If the ANOVA shows significance (p < 0.05), it tells you that at least one group differs, but not which ones. To identify specific differences, perform post-hoc pairwise comparisons with Tukey’s HSD:

# Tukey HSD post-hoc test
tukey_result <- TukeyHSD(anova_result)
tukey_result

Interpreting Results and Common Pitfalls

Understanding what hypothesis tests tell you—and don’t tell you—is crucial for proper statistical inference.

Key Points to Remember

The p-value is not the probability that the null hypothesis is true. It measures the compatibility of your data with the null hypothesis. A p-value of 0.03 means there’s a 3% chance of observing data as extreme as yours if the null hypothesis were true—not that there’s a 97% chance the alternative is true.

Statistical significance does not imply practical significance. With large sample sizes, even tiny differences can become statistically significant. Always consider effect size (the magnitude of the difference) alongside p-values.

Multiple comparisons inflate the family-wise error rate. Conducting many tests without correction increases the chance of false positives. Use corrections like Bonferroni or Benjamini-Hochberg when making multiple comparisons.

Assumptions Matter

Most parametric tests assume your data meet certain conditions:

Independence: Observations are unrelated and randomly sampled.
Normality: Data follow a normal distribution (less critical with larger samples due to the central limit theorem).
Homogeneity of variance: Groups have similar variability (can be tested with Levene’s test).

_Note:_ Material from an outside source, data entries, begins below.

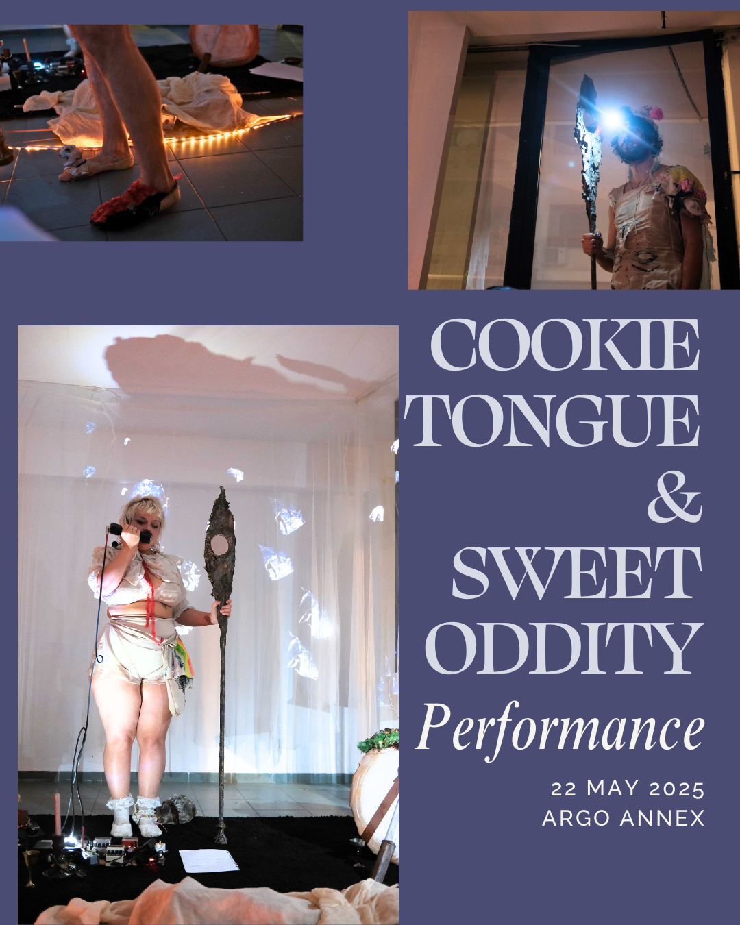 a multimedia ritual performance using music, costume, art objects, puppets and stop motion animation to create an immersive theatrical experience. A brand new collaboration by Argo Annex guest artists Cookie Tongue & Sweet Oddity.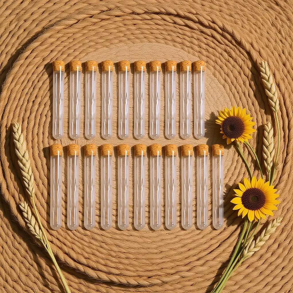 25 tubos de ensayo de plástico transparente sin marcar con tapones de corcho de madera auténtica, perfectos para laboratorios escolares, experimentos caseros y almacenamiento de reactivos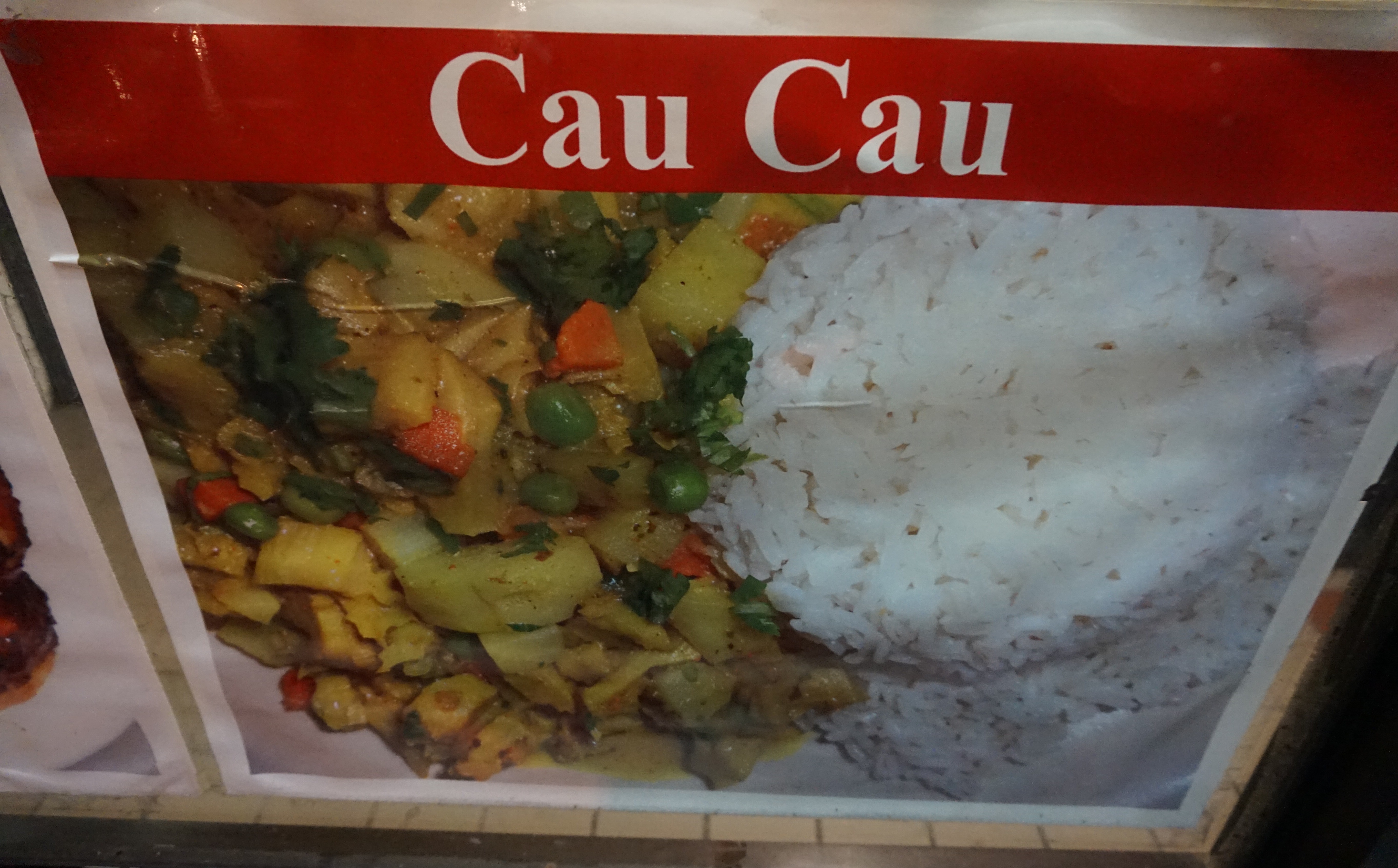 “What is cau cau,” I asked the waiter. There was a photo of the dish in the window of the restaurant, but I could not identify it.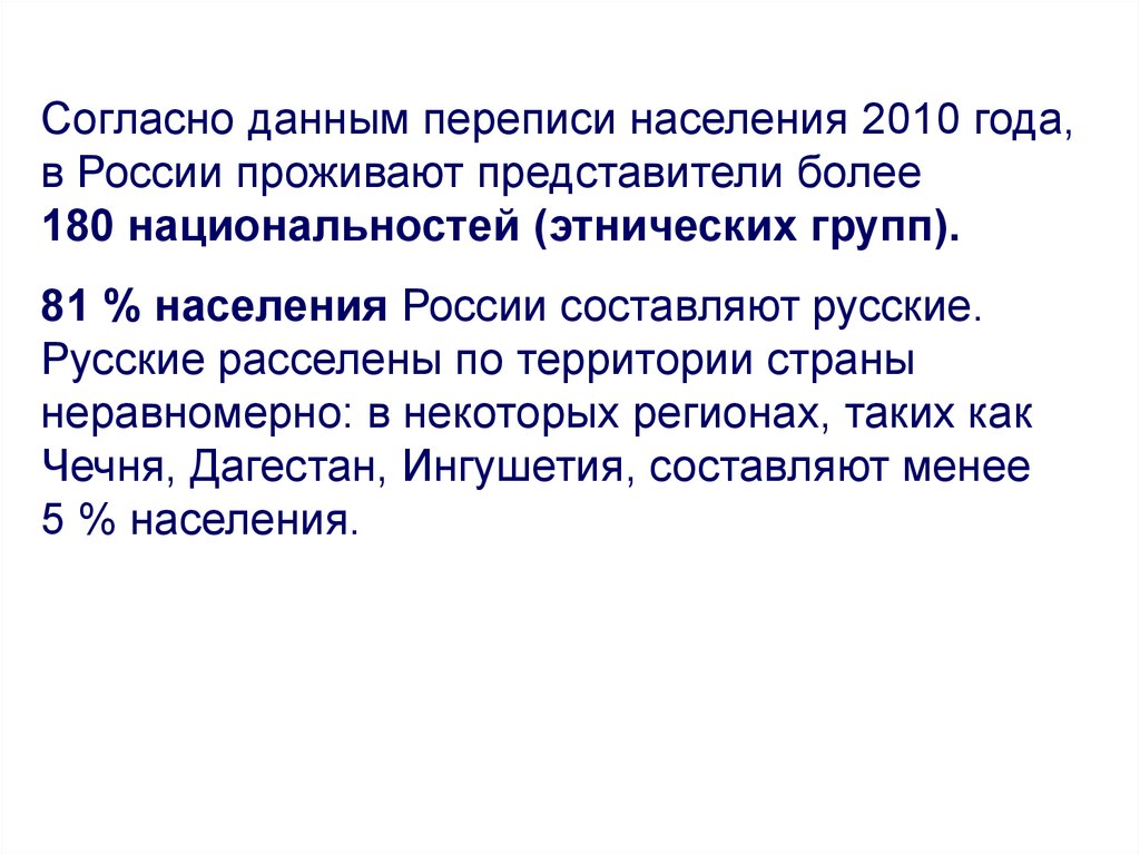 81 % населения России составляют русские.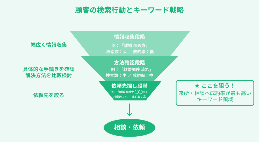 弁護士・法律事務所のSEO施策では、この最後の段階を狙うと成約率が上がります。
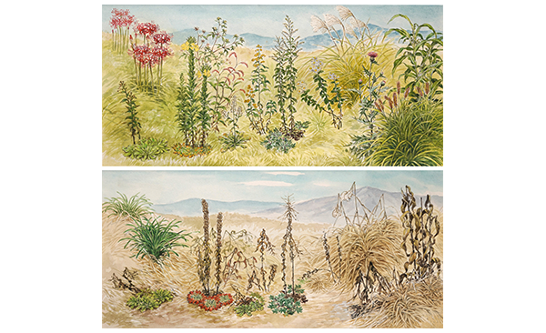 草はらに生きる植物について、同じ場所で季節を変えて、個々の植物を強調して描いている。冬であってもロゼット葉でしっかりと生きている様子がわかりやすく描かれている。(東京大学総合研究博物館所蔵、同館写真提供)

Always check these assumptions before reporting results:

# Check normality with Shapiro-Wilk test
shapiro.test(website_visits)

# Check homogeneity of variance
var.test(treatment, control)

Summary

Hypothesis testing provides a rigorous framework for making decisions based on data. In R, the stats package makes it straightforward to conduct t-tests, chi-square tests, and ANOVA. Remember these key points:

Start with clear hypotheses — define your null and alternative before collecting data.
Choose the right test — one-sample, two-sample, paired, or ANOVA based on your data structure.
Check assumptions — normality, independence, and variance homogeneity affect validity.
Interpret carefully — p-values measure evidence against the null, not probability of truth.
Consider effect size — statistical significance alone doesn’t tell the full story.

With these tools, you can confidently analyze experimental results, evaluate business metrics, and draw valid conclusions from your data in R.